Мне пришлось придержать лошадь, чтобы пропустить странную процессию – молодые женщины, разнаряженные ярко, но совершенно неподобающе, шли вереницей по улице, распевая веселую песню про солнце, которое щедро греет всех и везде. Они держали бубны, украшенные лентами, выстукивали задорный ритм, и привлекали внимание всех – и не только своей молодостью и красотой. Их платья у ворота были расшнурованы, а разноцветные шелковые рубашки приспущены с плеч, обнажая груди с подкрашенными кармином сосками. Они вызывающе алели, подчеркивая или нежную белизну кожи, или ее смуглость.

Такого мне не приходилось видеть даже в Уэльве, где женщины пользовались определенной свободой. Но встретить подобное в Барише – городе строгих нравов?..

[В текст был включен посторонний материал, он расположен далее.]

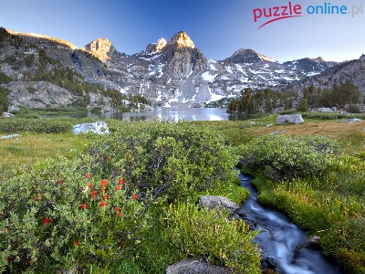 Puzzle Zieleń, Góry, Jezioro, Kwiaty

Я следила за пестрой колонной, открыв от удивления рот.

Только жителей Бариша, похоже, эта процессия не смутила. Наоборот – мужчины махали руками и подбрасывали шапки, приветствуя гологрудых красавиц. Кто-то обрывал цветы с пышных клумб и рассыпал душистые цветы женщинам под ноги, кто-то бросился прямо в толпу, пытаясь дотронуться до выставленной на обозрение плоти. Даже благородные господа – в расшитых серебром и золотом камзолах, с тугими кошельками у пояса, подошли ближе. Некоторые доставали монеты – сияющие в солнечном свете солиды, и подманивали женщин, как рыбок на приманку.

Красавицы подходили не стесняясь, забирали монету и подставляли обнаженные груди, позволяя себя приласкать. Мужчины щупали женскую плоть – кто жадно, сминая и щипая за соски, кто равнодушно, лениво улыбаясь и покачивая в ладонях соблазнительные плоды.

- Кто это? – удивленно спросила я у женщины, недовольно взиравшей на всё происходящее.

Женщина была в глухом коричневом платье и в коричневом платке, оставлявшем лицо открытым от бровей до подбородка.

- Вы нездешняя что ли, леди? – спросила она, не отрывая взгляда от женщин с бубнами.

- Я из Уэльвы, приехала сегодня.

- Тогда ясно, - сказала женщина сухо.

Она перевела взгляд на меня, брови ее приподнялись, потом она еле слышно хмыкнула, но ответила все тем же тоном:

 – Это кайны. Рабыни из Нижнего города. Блудницы и развратницы. Сегодня у них праздник, вот они и разорались.

- О-о… - только и смогла произнести я.

В моей стране кайнами называли волшебных существ из древних легенд. Кайны принимали облик красавиц с чарующими голосами и соблазняли смертных мужчин. Мой народ считал себя потомками кайны и смертного. Но то, что кайны – это рабыни, а тем более блудницы, я и представить не могла.

Женщины подняли бубны над головами и хором грянули другую песню – гимн солнцу и цветам, который поют в первый день последнего весеннего месяца. Только в их устах торжественное песнопение больше походило на песенку с пирушки. Они подняли такой шум и так затрясли лентами, что моя лошадь взбрыкнула и понесла.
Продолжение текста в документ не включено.